PROBLEM:
Scan the records below for the line containing "BLUX 2K - RAM" and the line containing "Fototapeta premium Modern". Copy both, plus every line between, exactly.

RECORDS FOR THE TASK:
- Opening Delimiter -

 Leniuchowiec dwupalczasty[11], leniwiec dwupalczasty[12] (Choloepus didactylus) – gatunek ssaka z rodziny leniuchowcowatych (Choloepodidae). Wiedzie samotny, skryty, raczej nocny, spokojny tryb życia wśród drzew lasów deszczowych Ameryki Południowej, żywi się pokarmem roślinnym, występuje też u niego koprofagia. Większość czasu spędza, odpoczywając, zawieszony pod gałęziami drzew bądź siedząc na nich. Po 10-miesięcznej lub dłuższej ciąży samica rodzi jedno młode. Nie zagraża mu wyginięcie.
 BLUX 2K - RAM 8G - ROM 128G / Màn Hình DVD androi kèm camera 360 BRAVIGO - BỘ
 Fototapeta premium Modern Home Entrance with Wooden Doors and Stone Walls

- Closing Delimiter -
- Opening Delimiter -

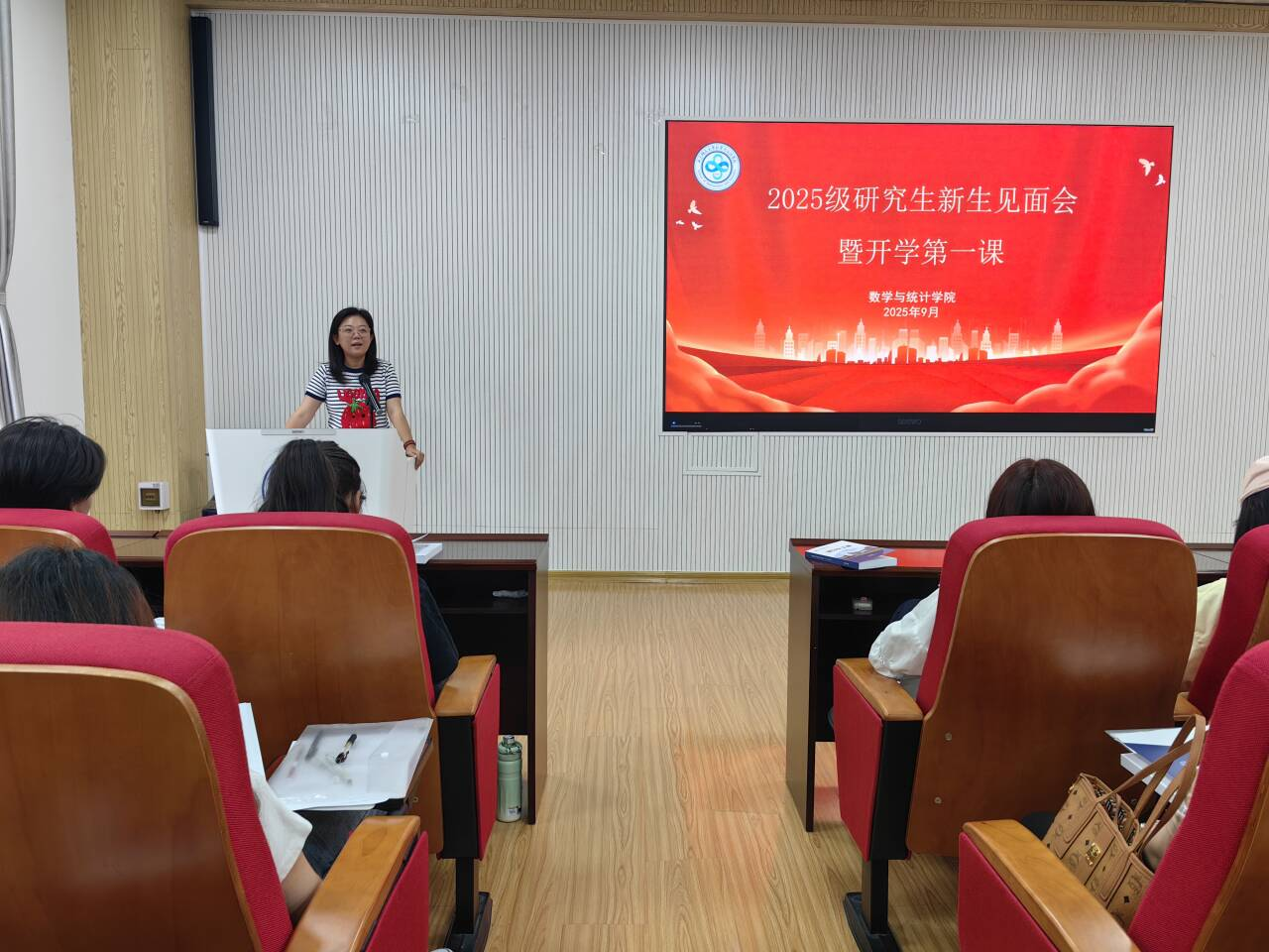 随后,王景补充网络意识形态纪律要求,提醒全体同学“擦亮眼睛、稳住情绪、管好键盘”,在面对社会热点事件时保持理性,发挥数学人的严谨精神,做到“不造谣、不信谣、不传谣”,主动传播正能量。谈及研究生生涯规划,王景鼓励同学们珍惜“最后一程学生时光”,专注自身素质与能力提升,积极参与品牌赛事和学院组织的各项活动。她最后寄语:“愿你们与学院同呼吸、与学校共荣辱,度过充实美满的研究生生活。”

- Closing Delimiter -

TASK RESPONSE:
 BLUX 2K - RAM 8G - ROM 128G / Màn Hình DVD androi kèm camera 360 BRAVIGO - BỘ
 Fototapeta premium Modern Home Entrance with Wooden Doors and Stone Walls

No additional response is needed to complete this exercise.